Sunday, July 20, 2008
At the LWI conference last week, Professor Ted Becker from the University of Michigan gave a thought-provoking presentation on Religious Lawyering and Legal Writing, or, Do Religious Perspectives Help Teach Students Anything about IRAC?
He first gave the audience a helpful summary of the Religious Lawyering movement and its major schools of thought. He explained how some lawyers keep any religious practices they may have quite separate from their law practices, while others prefer to integrate the two. In terms of a legal writing class, this topic might come up when students discuss professionalism, particularly if the legal writing professor includes a direct look at legal ethics in class.

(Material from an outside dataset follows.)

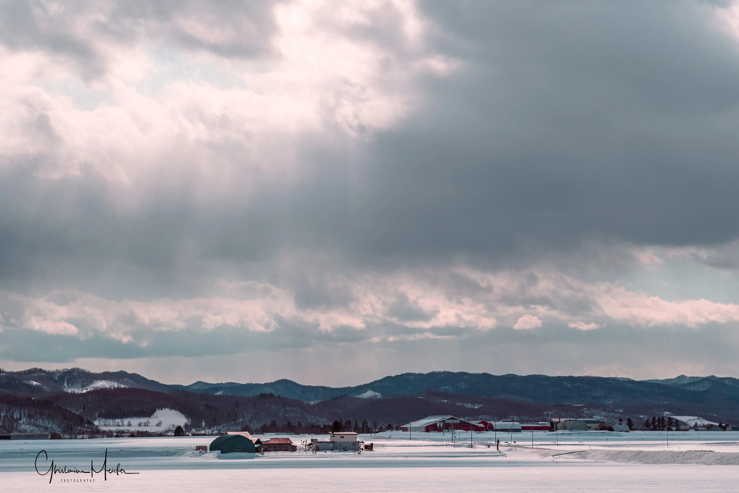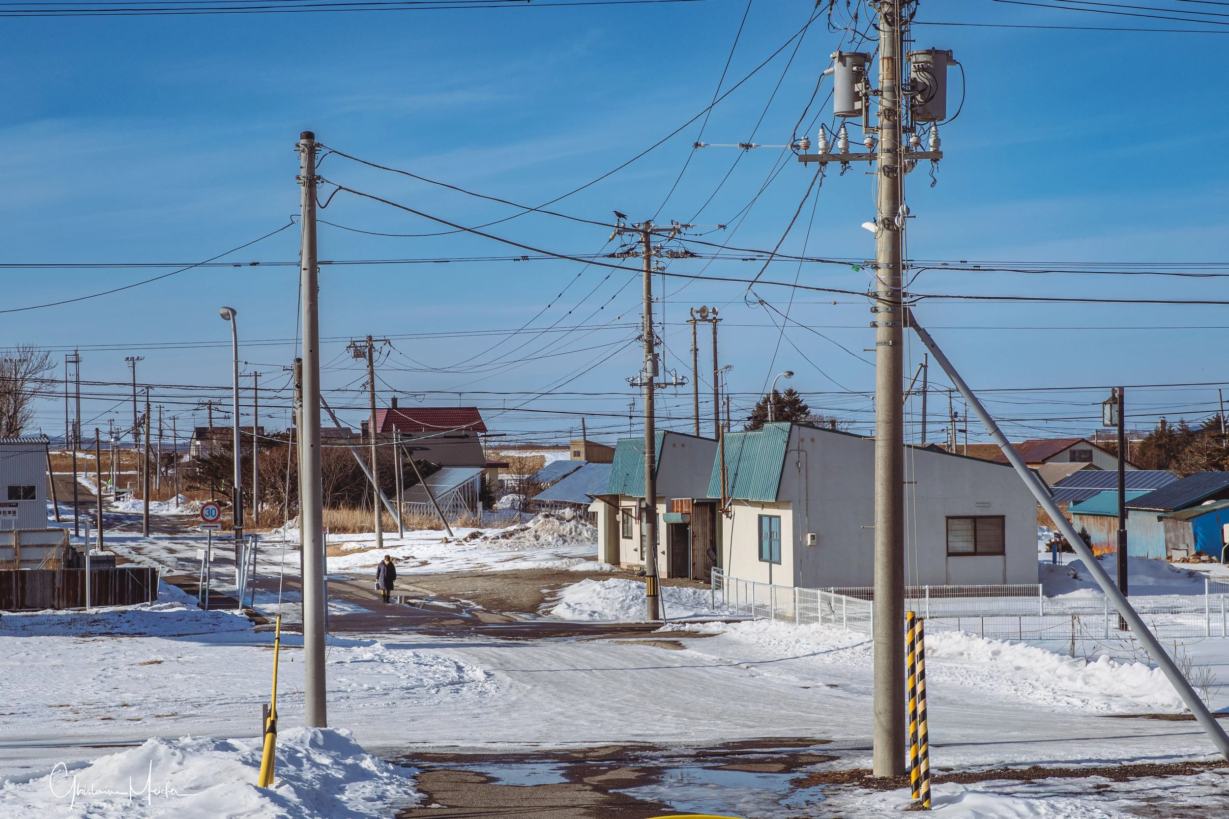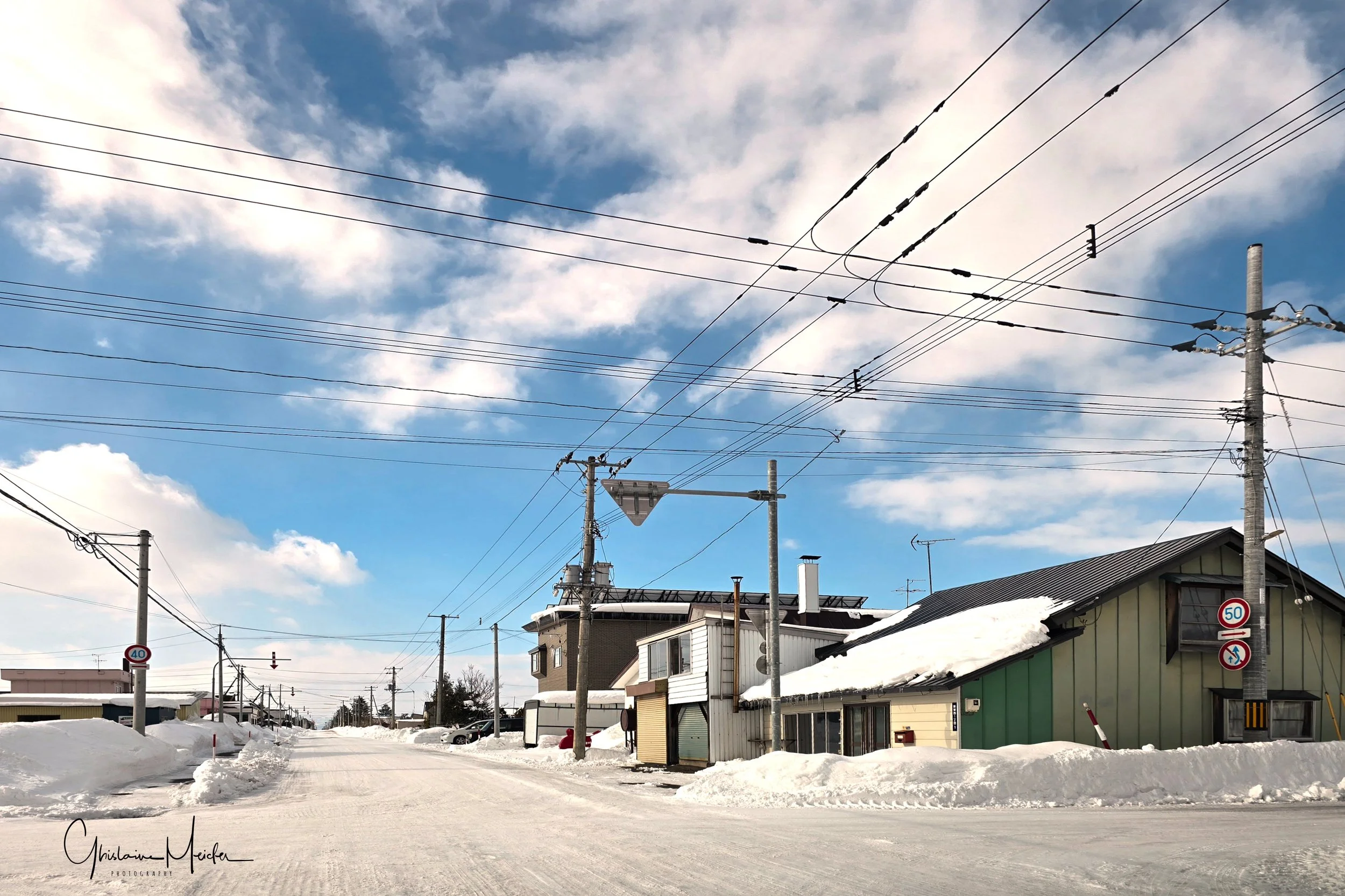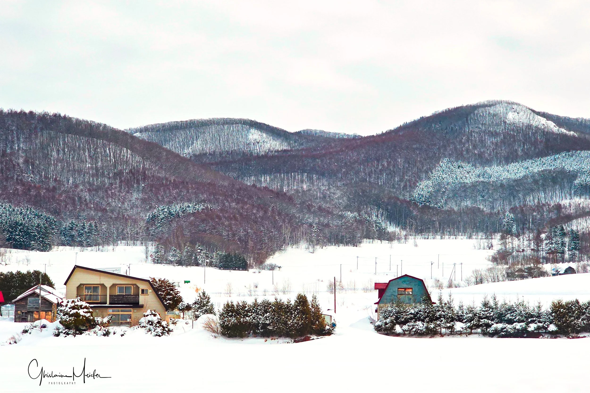 En s’éloignant de la côte, on arrive dans une région très agricole, comme le prouvent ces immenses étendues de neige recouvrant les champs de culture, et ces nombreuses fermes aux toits colorés. Contraste entre les zones surpeuplées du Sud du Japon, et ces zones agricoles où la densité ne dépasse pas les 37 habitants au Km2.

Ted also suggested that in addition to general professionalism concerns, the Religious Lawyering movement informs more specifically how lawyers work with clients. Through the media, many law students are familiar with the lawyer as godfather, hired gun, or guru. Ted explained that religious lawyers may tend to work with the client more as a "friend" -- in the Aristotelian sense of the word. Looked at this way, the attorney-client relationship moves from one of contract to one of covenant. It becomes a relationship in which trust flows in two directions, the work takes place in the context of a larger moral community, and the rapport will be enduring. Thus students can be made aware that the model rules of professional conduct are a minimum standard, and they can be encouraged to do more than the minimum required.
Finally, Ted discussed how Religious Lawyering may create issues in particular for students who take jobs after graduation in "Big Law." Working in large law firms, some religious lawyers face a difficult decision as to whether to stay in or get out. And legal writing professors may be teaching students who will eventually face this decision.